**Exercise:**
What is needed is an exact copy of the listing, with no pictures in it.

**Data extract:**
[Start of section]

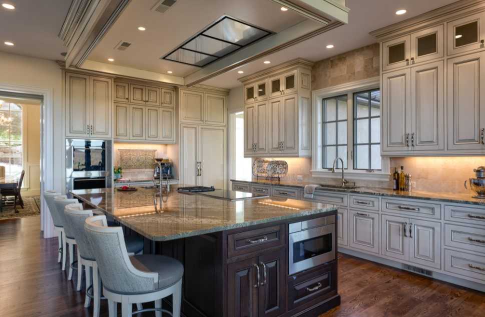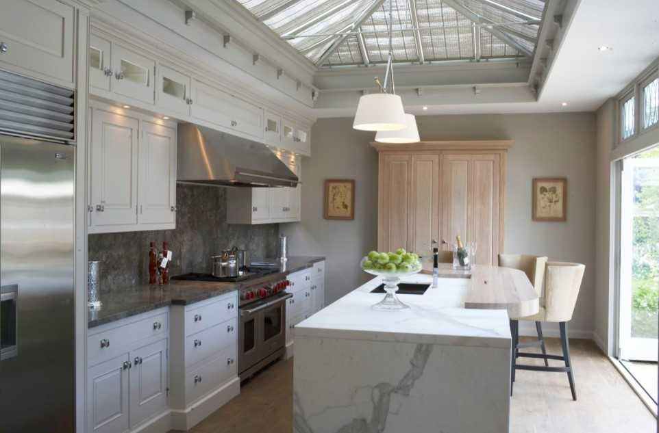 Нередко на кухне в классическом стиле можно встретить резьбу, лепнину и патинированные фасады.
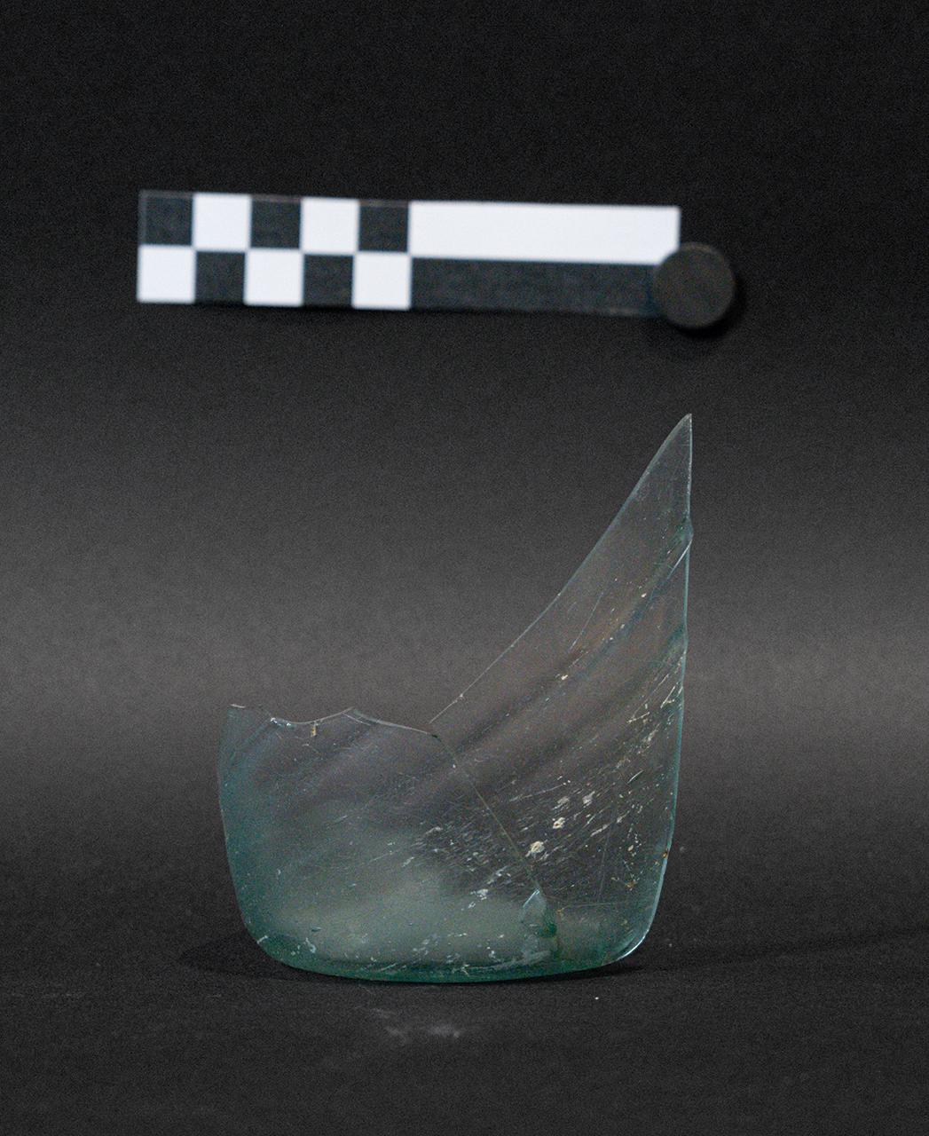 Fondo di bicchiere in vetro verde-azzurro, trasparente. Corpo troncoconico, fondo apodo umbilicato. Fascio di linee in rilievo ad andamento spiraliforme sul corpo.
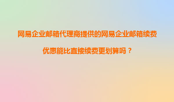 2025-11-17網(wǎng)易企業(yè)郵箱代理商提供的網(wǎng)易企業(yè)郵箱續(xù)費優(yōu)惠能比直接續(xù)費更劃算嗎? 在企業(yè)日常運營中,高效穩(wěn)定的郵箱服務(wù)是必不可少的工具。網(wǎng)易企業(yè)郵箱憑借其卓越的性能和豐富的功能,成為眾多企業(yè)的首選。然而,面對續(xù)...
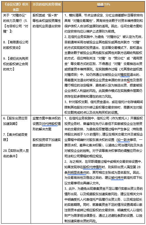 由于《会议纪要》涉及内容较多,而信托实务又具有细节庞杂的特征,植德在此特以“一表通”的形式就信托实务中涉及与《会议纪要》相关的内容进行梳理,简要提示交易中可能遇到的关注点(TIPs),以期为读者呈现不止于《会议纪要》第七部分而需要在信托业务实践中重点关注的相关问题提供索引,就其中部分相关内容的详细分析敬请关注本文后续的中篇和下篇。

[End of section]

**Task response:**
 Нередко на кухне в классическом стиле можно встретить резьбу, лепнину и патинированные фасады.
 Fondo di bicchiere in vetro verde-azzurro, trasparente. Corpo troncoconico, fondo apodo umbilicato. Fascio di linee in rilievo ad andamento spiraliforme sul corpo.
 2025-11-17網(wǎng)易企業(yè)郵箱代理商提供的網(wǎng)易企業(yè)郵箱續(xù)費優(yōu)惠能比直接續(xù)費更劃算嗎? 在企業(yè)日常運營中,高效穩(wěn)定的郵箱服務(wù)是必不可少的工具。網(wǎng)易企業(yè)郵箱憑借其卓越的性能和豐富的功能,成為眾多企業(yè)的首選。然而,面對續(xù)...
 由于《会议纪要》涉及内容较多,而信托实务又具有细节庞杂的特征,植德在此特以“一表通”的形式就信托实务中涉及与《会议纪要》相关的内容进行梳理,简要提示交易中可能遇到的关注点(TIPs),以期为读者呈现不止于《会议纪要》第七部分而需要在信托业务实践中重点关注的相关问题提供索引,就其中部分相关内容的详细分析敬请关注本文后续的中篇和下篇。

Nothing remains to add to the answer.